▶ **Task brief**: Using only the entries below, output the lines starting at the one containing "Deze beige babyslofjes" and ending at the one containing "近日,小米公司應(yīng)", exactly and inclusive of both, omitting the pictures.

▶ **Information**:

|---|

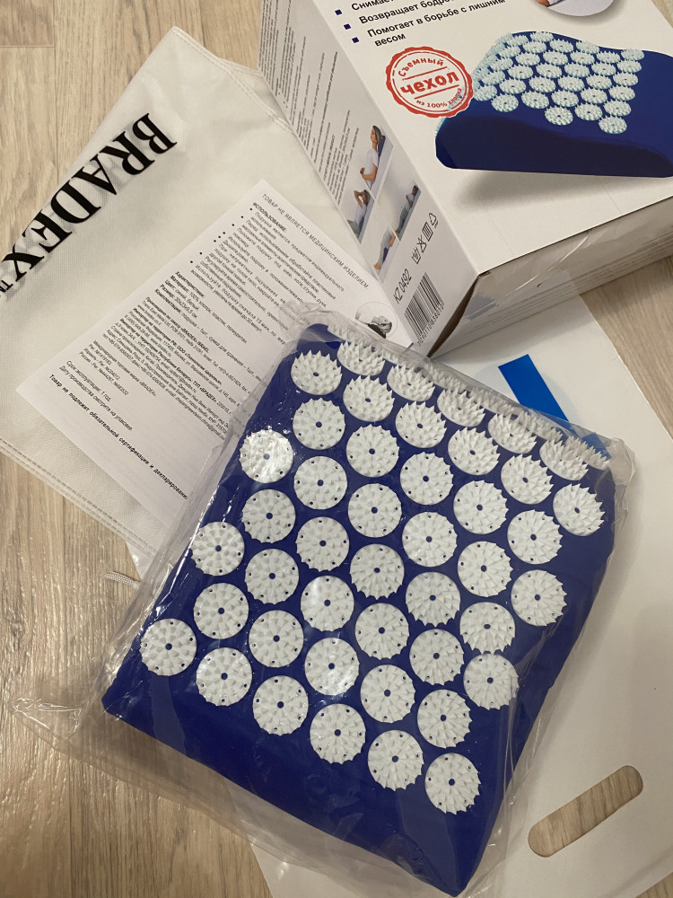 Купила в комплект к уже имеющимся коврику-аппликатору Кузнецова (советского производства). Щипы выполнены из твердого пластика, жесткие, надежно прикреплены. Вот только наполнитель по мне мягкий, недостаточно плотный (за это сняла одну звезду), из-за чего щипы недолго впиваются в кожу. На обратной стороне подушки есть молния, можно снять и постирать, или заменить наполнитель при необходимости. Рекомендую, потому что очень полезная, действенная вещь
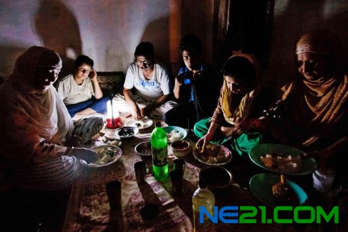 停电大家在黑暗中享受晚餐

|---|

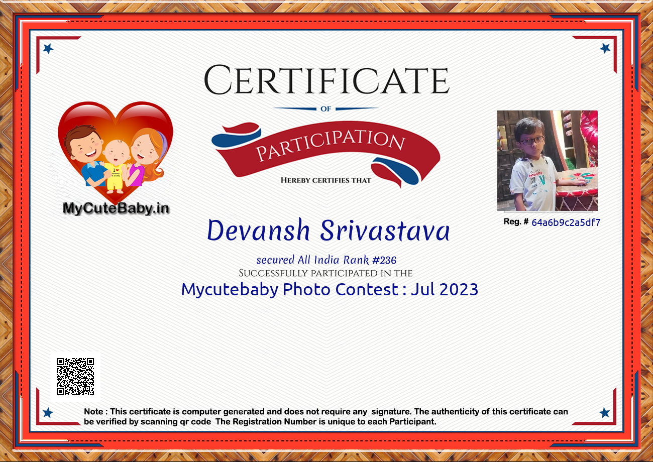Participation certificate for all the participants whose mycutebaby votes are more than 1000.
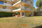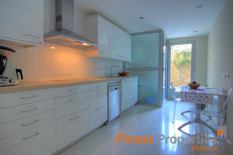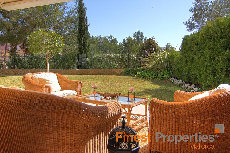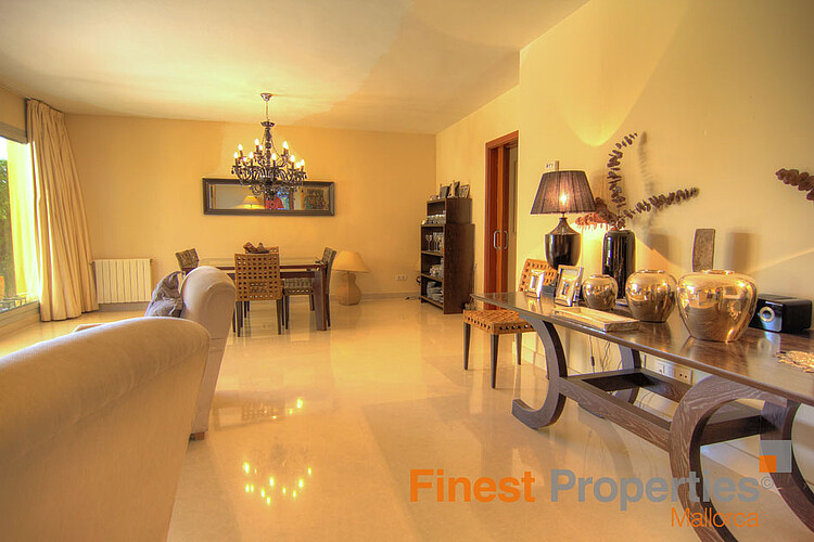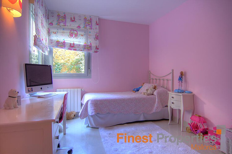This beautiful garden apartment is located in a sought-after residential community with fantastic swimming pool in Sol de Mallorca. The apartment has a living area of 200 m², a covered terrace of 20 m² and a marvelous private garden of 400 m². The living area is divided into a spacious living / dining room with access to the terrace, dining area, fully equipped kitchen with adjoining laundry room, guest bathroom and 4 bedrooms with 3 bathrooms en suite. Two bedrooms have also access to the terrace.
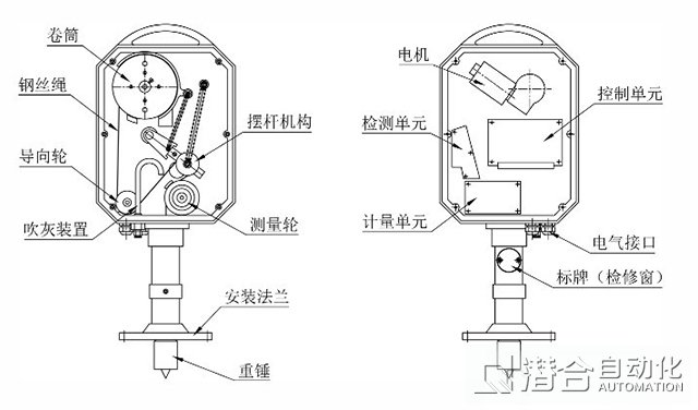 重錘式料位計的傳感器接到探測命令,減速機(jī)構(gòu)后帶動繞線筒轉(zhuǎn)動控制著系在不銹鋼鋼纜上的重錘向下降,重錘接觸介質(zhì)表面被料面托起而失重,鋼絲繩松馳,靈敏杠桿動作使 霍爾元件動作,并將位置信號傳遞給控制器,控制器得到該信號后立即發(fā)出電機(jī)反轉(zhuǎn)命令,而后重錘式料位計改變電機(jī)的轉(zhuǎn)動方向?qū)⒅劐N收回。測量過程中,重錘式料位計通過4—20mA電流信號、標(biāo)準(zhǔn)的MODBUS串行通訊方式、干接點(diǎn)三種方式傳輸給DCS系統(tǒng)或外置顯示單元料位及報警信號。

|---|

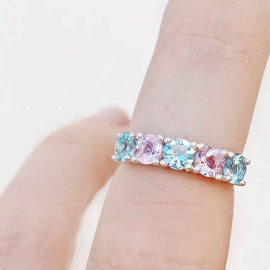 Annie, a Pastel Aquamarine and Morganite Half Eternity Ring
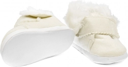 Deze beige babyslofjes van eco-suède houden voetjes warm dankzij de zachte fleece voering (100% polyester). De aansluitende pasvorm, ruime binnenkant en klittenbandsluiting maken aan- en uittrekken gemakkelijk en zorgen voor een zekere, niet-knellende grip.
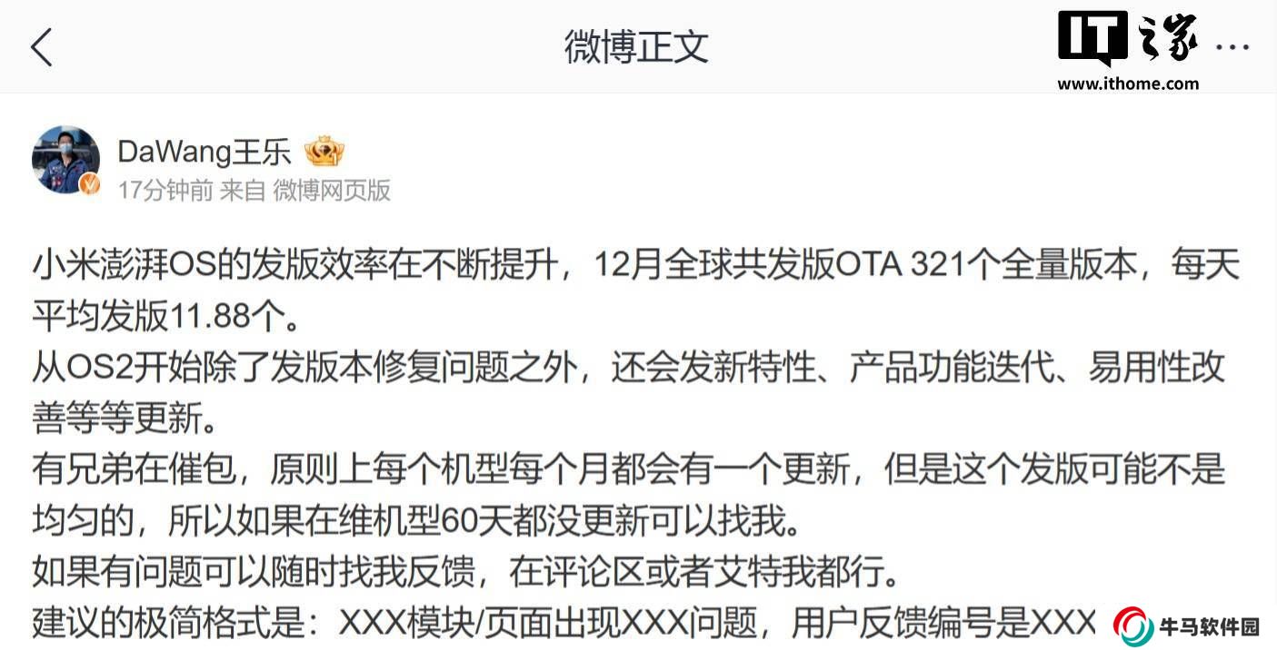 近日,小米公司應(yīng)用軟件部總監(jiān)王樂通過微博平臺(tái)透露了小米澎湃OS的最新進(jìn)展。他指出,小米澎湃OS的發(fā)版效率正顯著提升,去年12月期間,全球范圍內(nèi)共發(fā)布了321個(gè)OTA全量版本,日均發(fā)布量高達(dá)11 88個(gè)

|---|

▶ **Response to the task**:
 Deze beige babyslofjes van eco-suède houden voetjes warm dankzij de zachte fleece voering (100% polyester). De aansluitende pasvorm, ruime binnenkant en klittenbandsluiting maken aan- en uittrekken gemakkelijk en zorgen voor een zekere, niet-knellende grip.
 近日,小米公司應(yīng)用軟件部總監(jiān)王樂通過微博平臺(tái)透露了小米澎湃OS的最新進(jìn)展。他指出,小米澎湃OS的發(fā)版效率正顯著提升,去年12月期間,全球范圍內(nèi)共發(fā)布了321個(gè)OTA全量版本,日均發(fā)布量高達(dá)11 88個(gè)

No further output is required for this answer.